Finding	Severity	Required fix before arming
F5 - Ledger has no integrity protection	HIGH	bilko-sentinel-tier1-ledger.jsonl is writable and unsigned. Forged human\_verdict entries could satisfy the promotion bar. Fix: HMAC-sign each row; verify on read. BLOCK ack/auto until done.
F7 - SA actual GCP IAM roles unverified	MEDIUM	alai-cli-deployer SA project-level bindings not verified at review time. In shadow: must hold only monitoring.viewer + logging.viewer + run.viewer. For auto: roles/run.developer scoped to bilko-api-demo and bilko-web-demo only (resource-level condition). Must NOT hold cloudsql.\, iam.\, secretmanager.\, or dns.\ roles.
F4 - Ack poll unwired; future identity risk	INFO (future MEDIUM)	When ack poll is wired: approver must be verified against hardcoded Slack user ID allowlist. Channel membership not sufficient. Require thread\_ts match to prevent cross-incident approval.

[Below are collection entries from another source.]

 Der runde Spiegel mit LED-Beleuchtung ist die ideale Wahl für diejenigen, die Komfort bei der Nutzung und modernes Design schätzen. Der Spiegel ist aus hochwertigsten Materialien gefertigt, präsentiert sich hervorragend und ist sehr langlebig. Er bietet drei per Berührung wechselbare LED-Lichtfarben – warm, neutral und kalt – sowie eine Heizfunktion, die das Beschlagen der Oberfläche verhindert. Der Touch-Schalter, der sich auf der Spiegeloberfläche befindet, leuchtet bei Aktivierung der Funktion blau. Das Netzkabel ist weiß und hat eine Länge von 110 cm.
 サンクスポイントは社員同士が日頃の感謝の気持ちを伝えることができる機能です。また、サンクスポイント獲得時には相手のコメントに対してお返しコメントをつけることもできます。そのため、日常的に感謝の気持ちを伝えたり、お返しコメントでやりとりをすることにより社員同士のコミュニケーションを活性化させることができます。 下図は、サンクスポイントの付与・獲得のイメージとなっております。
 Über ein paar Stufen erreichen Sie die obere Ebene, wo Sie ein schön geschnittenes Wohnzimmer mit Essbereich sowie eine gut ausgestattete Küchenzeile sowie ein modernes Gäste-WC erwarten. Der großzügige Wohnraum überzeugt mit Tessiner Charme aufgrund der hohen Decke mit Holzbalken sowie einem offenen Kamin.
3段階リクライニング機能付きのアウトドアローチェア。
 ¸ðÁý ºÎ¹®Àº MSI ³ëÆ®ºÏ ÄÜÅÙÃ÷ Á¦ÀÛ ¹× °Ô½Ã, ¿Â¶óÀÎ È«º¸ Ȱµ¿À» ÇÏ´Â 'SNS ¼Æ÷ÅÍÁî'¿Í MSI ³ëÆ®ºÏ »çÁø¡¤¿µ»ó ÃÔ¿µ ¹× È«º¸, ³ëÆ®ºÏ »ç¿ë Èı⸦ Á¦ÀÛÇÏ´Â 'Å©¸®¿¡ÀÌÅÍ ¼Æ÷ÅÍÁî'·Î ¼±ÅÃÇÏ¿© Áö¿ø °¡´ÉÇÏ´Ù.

### Additional findings (non-blocking for shadow)

Finding	Severity	Summary
F6 - IAM snapshot bootstrap window	MEDIUM	Snapshot can be deleted to force re-baseline. Seal after first write; alert on deletion/recreation.
F2 - Object.freeze({MODE}) is a no-op	MEDIUM	Misleading call; remove or replace with comment. MODE is immutable by JS const semantics in strict mode.

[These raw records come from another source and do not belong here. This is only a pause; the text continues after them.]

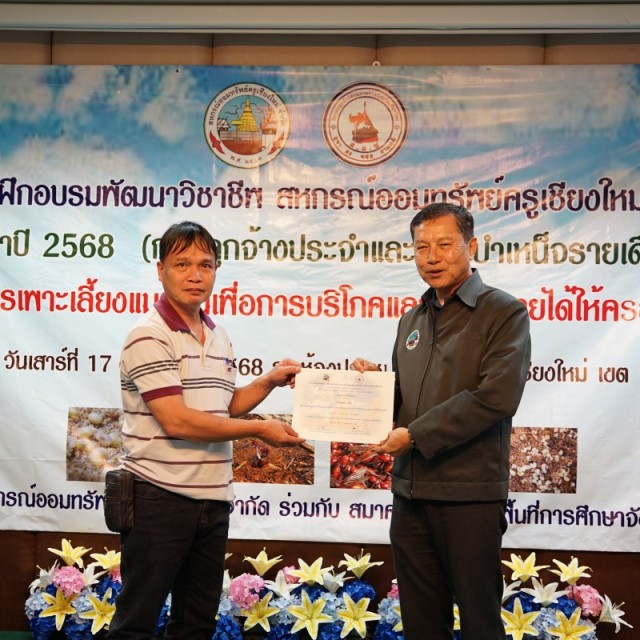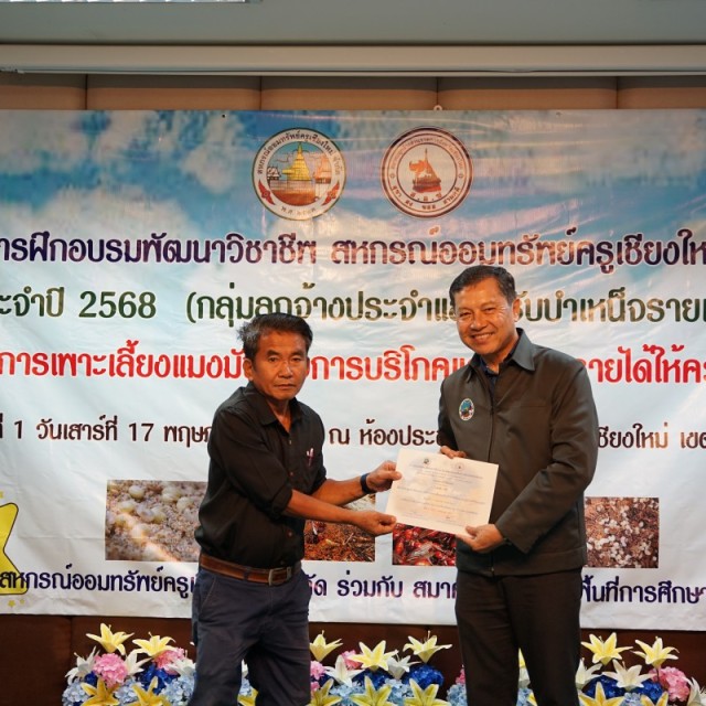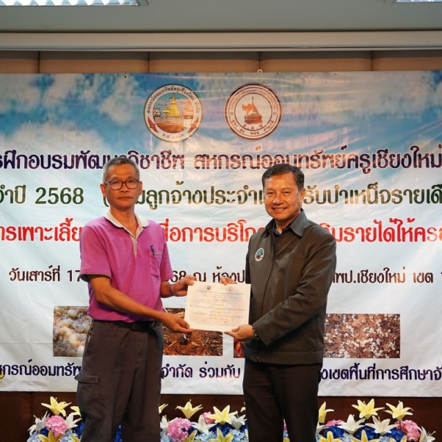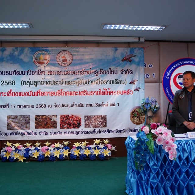 สหกรณ์ออมทรัพย์ครูเชียงใหม่ จำกัด ร่วมกับ สมาคมลูกจ้างเขตพื้นที่การศึกษาจังหวัดเชียงใหม่ จัดโครงการฝึกอบรมพัฒนาวิชาชีพ(กลุ่มลูกจ้างประจำเเละผู้รับบำเน็จรายเดือน) ประจำปี 2568 รุ่นที่ 1 ในวันที่ 17 พฤษภาคม 2568 ณ ห้องประชุมล้านเงิน สพป.เชียงใหม่ เขต 1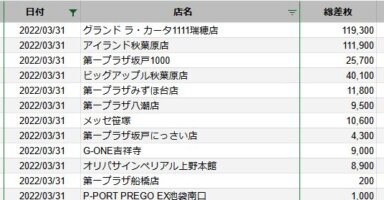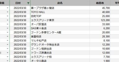 【関東】2022/3/31(木)出したお店まとめ関東の店舗都県 日付 店舗 総差枚 平均差枚 東京 2022/3/31 グランド ラ・カータ1111瑞穂店 119,300 310 東京 2022/3/31 アイランド秋葉原店 111,900 300 埼玉 2... -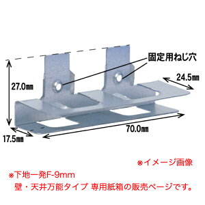 奨します。 下地一発Fタイプ 9mm(専用紙箱) 用途:壁・天井万能タイプ 材質:亜鉛鋼板 入数:本体85個・ビス170本

F8 - Gate 8 inconsistent with Gate 4	LOW	Gate 8 warns-and-passes when deploy manifest absent; Gate 4 blocks. Align to block.
F3 - Module integrity not checked at load	LOW	Add SHA-256 startup integrity check for Tier-1 module path.
F9 - Tier-1 missing execute bit	LOW	chmod +x /Users/makinja/system/tools/bilko-sentinel-tier1.js (cosmetic, no runtime impact).

**Current state:** Tier-1 running in shadow mode. All proposals logged to ~/system/logs/bilko-sentinel-tier1-ledger.jsonl. Calibration clock started. Review at 30 days / 20 proposals.